WORK INSTRUCTIONS: Reproduce every record below exactly, with the pictures left out.

Stored items

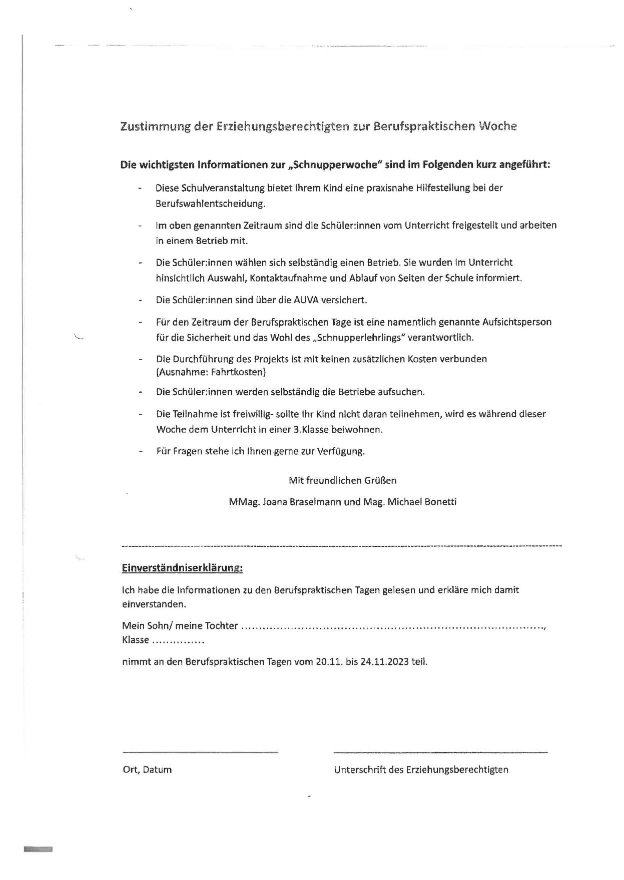 Zustimmung der Erziehungsberechtigten zur Berufspra ktischen vVoche
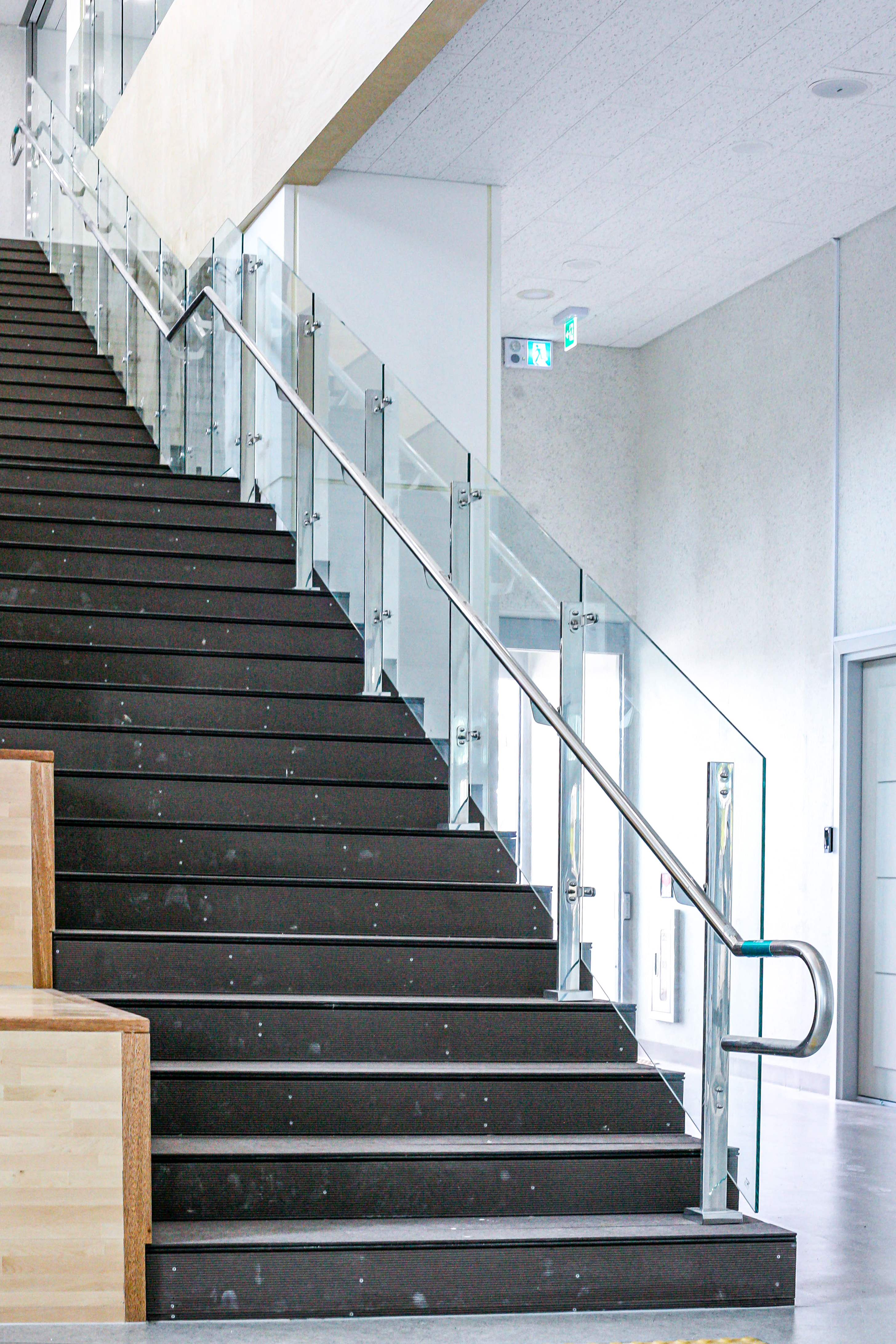 센터의 주요 동선인 1층과 2층을 연결하는 계단실에는 강화유리 난간이 적용되었습니다.
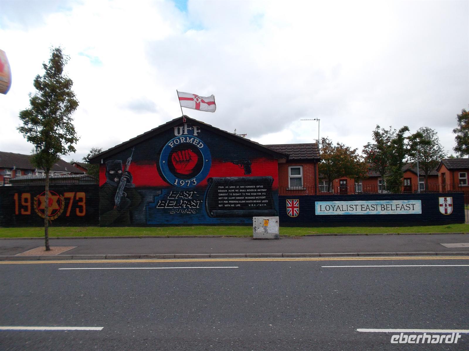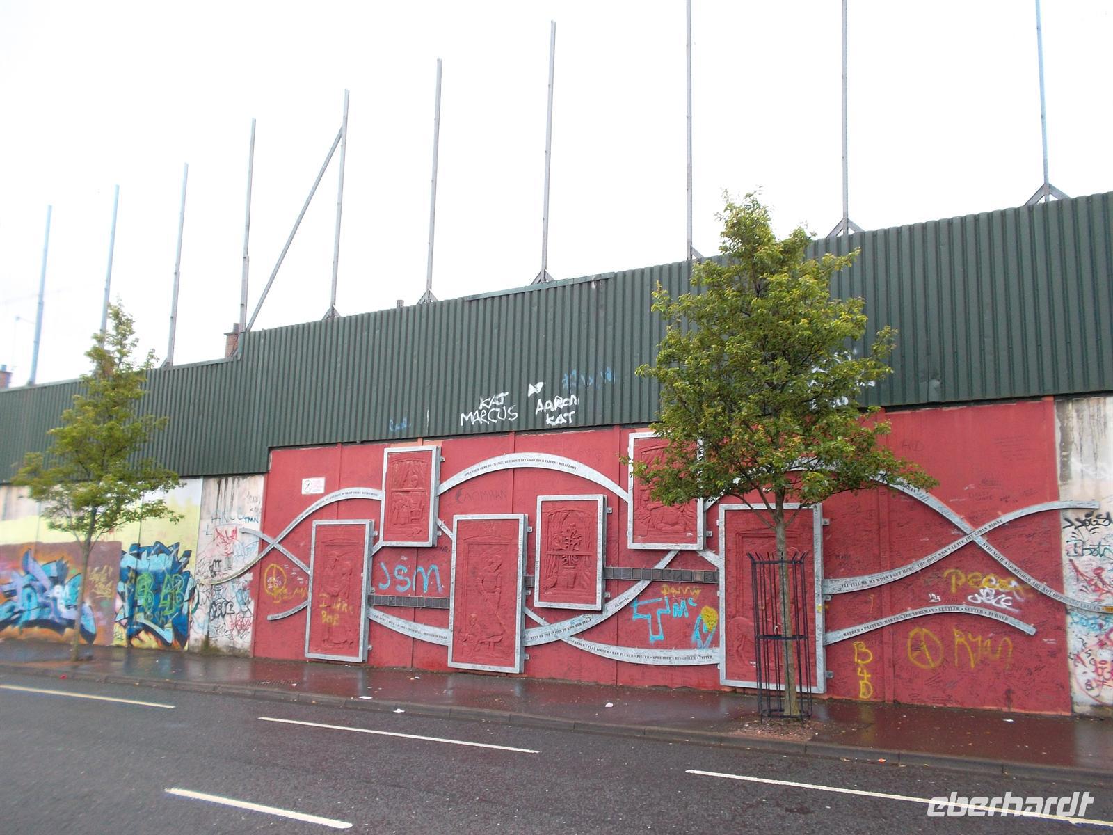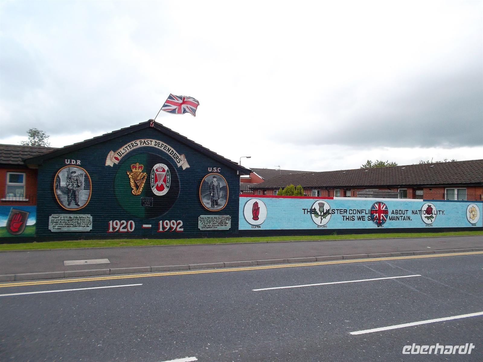 Am frühen Nachmitag setzten wir mit unserem Bus die auf der neugebauten Autobahn in Richtung Nordirland fortzusetzen. Auch hier gab es ein kleines „Extra“. Unweit der Autobahn liegt das alte, berühmte Kloster Monasterboice, dass neben Kirchenruinen einen interessanten Rundturmrest und zwei berühmte, reichverzierte Hochkreuze aufweist: Das Muireadachs Cross soll bereits aus dem neunten Jahrhundert stammen und ist mit biblischen Szenen verziert. Das ungewöhnlich große „Tall Cross“ - ebenfalls reich mit Skulpturenschmuck verziert - gilt als eines der höchsten in Irland. Nach kurzen Erklärungen und ausführlichem Fotostopp setzten wir dann die Reise in die Hauptstadt Nordirlands fort. Belfast erreichten wir recht früh und konnten sogleich einchecken. Unser Stadtführer Willie Swann zeigte uns die Highlights von Belfast: das gewaltige Rathaus aus viktorianischer Zeit und den neogotischen Uhrturm, das herrlich gelegene Parlamentsgebäude Stormont etwas außerhalb Belfasts und das Werftgelande mit dem neuen Titanic-Besucherzentrum. Sicher als faszinierendster Teil aber wurde die Fahrt durch jene Straßen von West- und Ost-Belfast empfunden, die durch ihre bedeutenden und bekannten Wandmalereien bis heute von der Teilung der Religionen in Belfast zeugen und einst Teil der nordirischen Unruhen waren .Dennoch ist Belfast vor allem eine schöne Stadt mit recht quirligem Leben. Wer es nicht glaubte, der konnte sich abends davon im berühmtesten Pub der Stadt überzeugen, dem denkmalgeschützten „Crown Liquor Saloon“, dem Gaslampen, eine Marmortheke und viel Mahagoni ein besonderes Ambiente verleihen - auch wenn er stets hoffnungslos überfüllt ist.
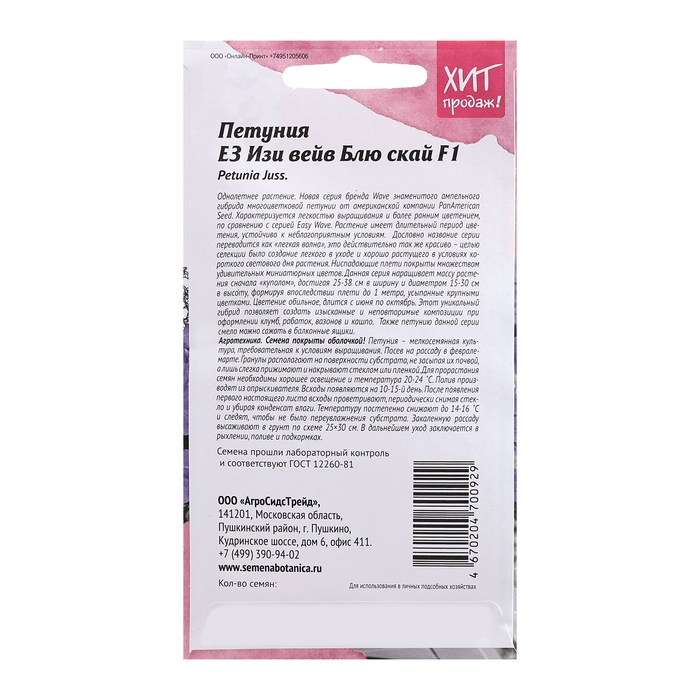 Добавьте яркие акценты и свежесть в ваш сад с петунией "Е3 Изи Вейв Блю Скай F1"!
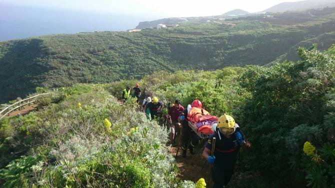 Los Servicios de Emergencias de la isla de La Palma han rescatado a una turista de origen alemán que había sufrido una caída practicando el senderismo en el barranco de Nogales, en Puntallana.
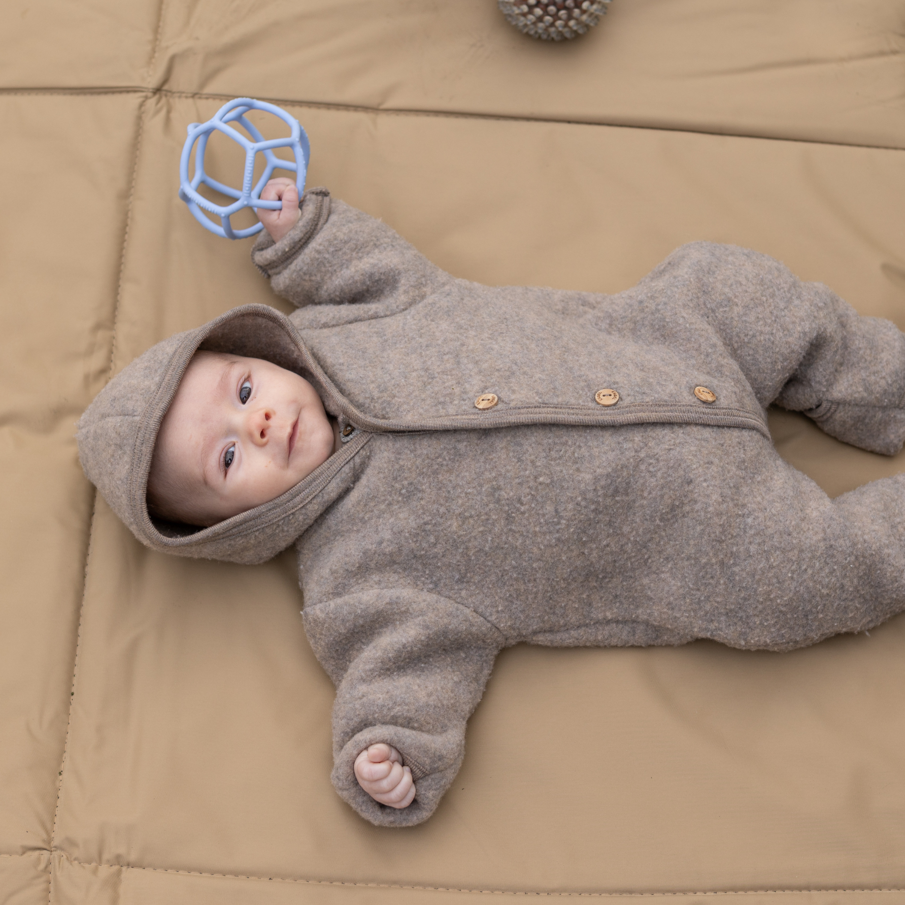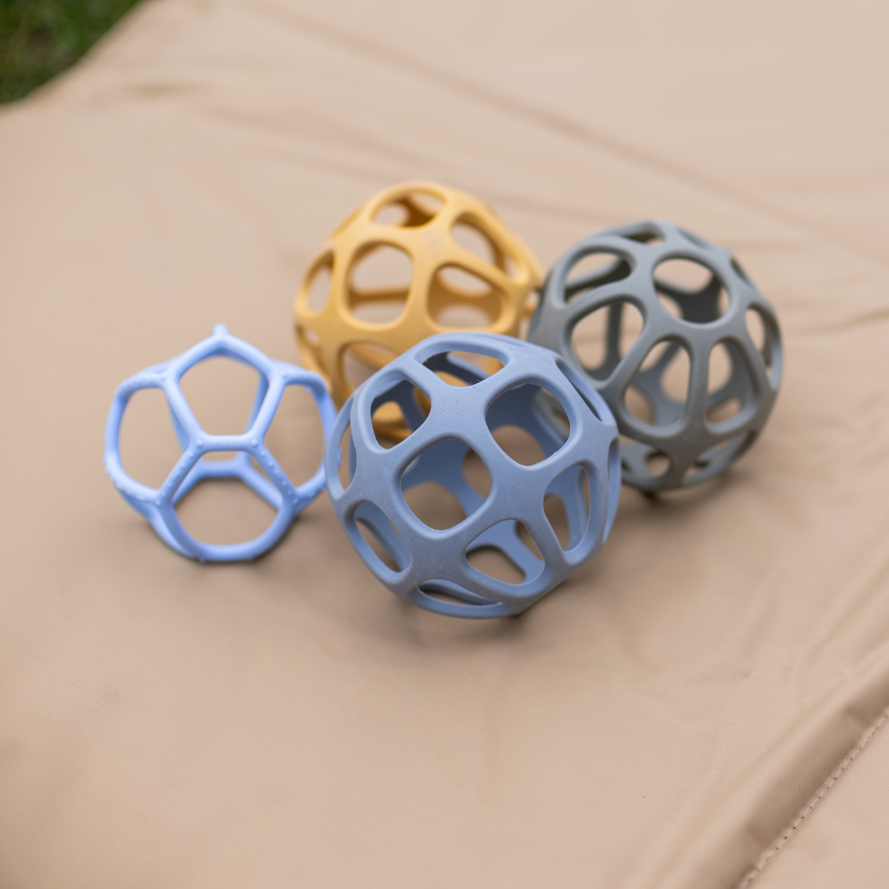 De bal is gemaakt van voedingssiliconen zodat kinderen veilig op het zachte oppervlak kunnen kauwen.
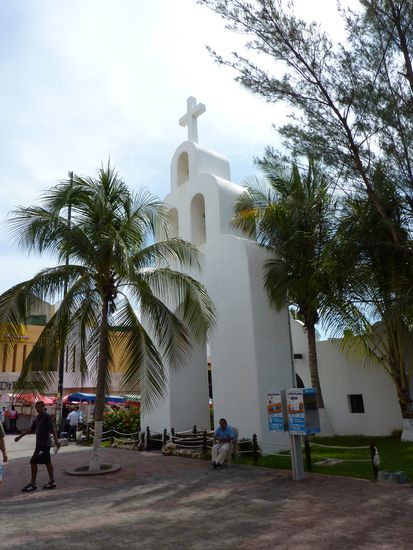 Das ist kurz vorm Strand, eine Kirche mitten im Stadtkern, sieht aus wie aus einem Western, jetzt muss nur noch John Wayne raus kommen
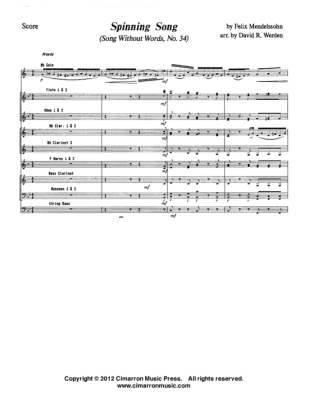 Spinnerlied (Lieder ohne Worte) - Sheet Music for op. 67 No. 4 Solo part in Bb + Concert Band Felix Mendelssohn Bartholdy (Noten-Scan arr. D. Werden)

SOLUTION TO THIS PROBLEM:
 Zustimmung der Erziehungsberechtigten zur Berufspra ktischen vVoche
 센터의 주요 동선인 1층과 2층을 연결하는 계단실에는 강화유리 난간이 적용되었습니다.
 Am frühen Nachmitag setzten wir mit unserem Bus die auf der neugebauten Autobahn in Richtung Nordirland fortzusetzen. Auch hier gab es ein kleines „Extra“. Unweit der Autobahn liegt das alte, berühmte Kloster Monasterboice, dass neben Kirchenruinen einen interessanten Rundturmrest und zwei berühmte, reichverzierte Hochkreuze aufweist: Das Muireadachs Cross soll bereits aus dem neunten Jahrhundert stammen und ist mit biblischen Szenen verziert. Das ungewöhnlich große „Tall Cross“ - ebenfalls reich mit Skulpturenschmuck verziert - gilt als eines der höchsten in Irland. Nach kurzen Erklärungen und ausführlichem Fotostopp setzten wir dann die Reise in die Hauptstadt Nordirlands fort. Belfast erreichten wir recht früh und konnten sogleich einchecken. Unser Stadtführer Willie Swann zeigte uns die Highlights von Belfast: das gewaltige Rathaus aus viktorianischer Zeit und den neogotischen Uhrturm, das herrlich gelegene Parlamentsgebäude Stormont etwas außerhalb Belfasts und das Werftgelande mit dem neuen Titanic-Besucherzentrum. Sicher als faszinierendster Teil aber wurde die Fahrt durch jene Straßen von West- und Ost-Belfast empfunden, die durch ihre bedeutenden und bekannten Wandmalereien bis heute von der Teilung der Religionen in Belfast zeugen und einst Teil der nordirischen Unruhen waren .Dennoch ist Belfast vor allem eine schöne Stadt mit recht quirligem Leben. Wer es nicht glaubte, der konnte sich abends davon im berühmtesten Pub der Stadt überzeugen, dem denkmalgeschützten „Crown Liquor Saloon“, dem Gaslampen, eine Marmortheke und viel Mahagoni ein besonderes Ambiente verleihen - auch wenn er stets hoffnungslos überfüllt ist.
 Добавьте яркие акценты и свежесть в ваш сад с петунией "Е3 Изи Вейв Блю Скай F1"!
 Los Servicios de Emergencias de la isla de La Palma han rescatado a una turista de origen alemán que había sufrido una caída practicando el senderismo en el barranco de Nogales, en Puntallana.
 De bal is gemaakt van voedingssiliconen zodat kinderen veilig op het zachte oppervlak kunnen kauwen.
 Das ist kurz vorm Strand, eine Kirche mitten im Stadtkern, sieht aus wie aus einem Western, jetzt muss nur noch John Wayne raus kommen
 Spinnerlied (Lieder ohne Worte) - Sheet Music for op. 67 No. 4 Solo part in Bb + Concert Band Felix Mendelssohn Bartholdy (Noten-Scan arr. D. Werden)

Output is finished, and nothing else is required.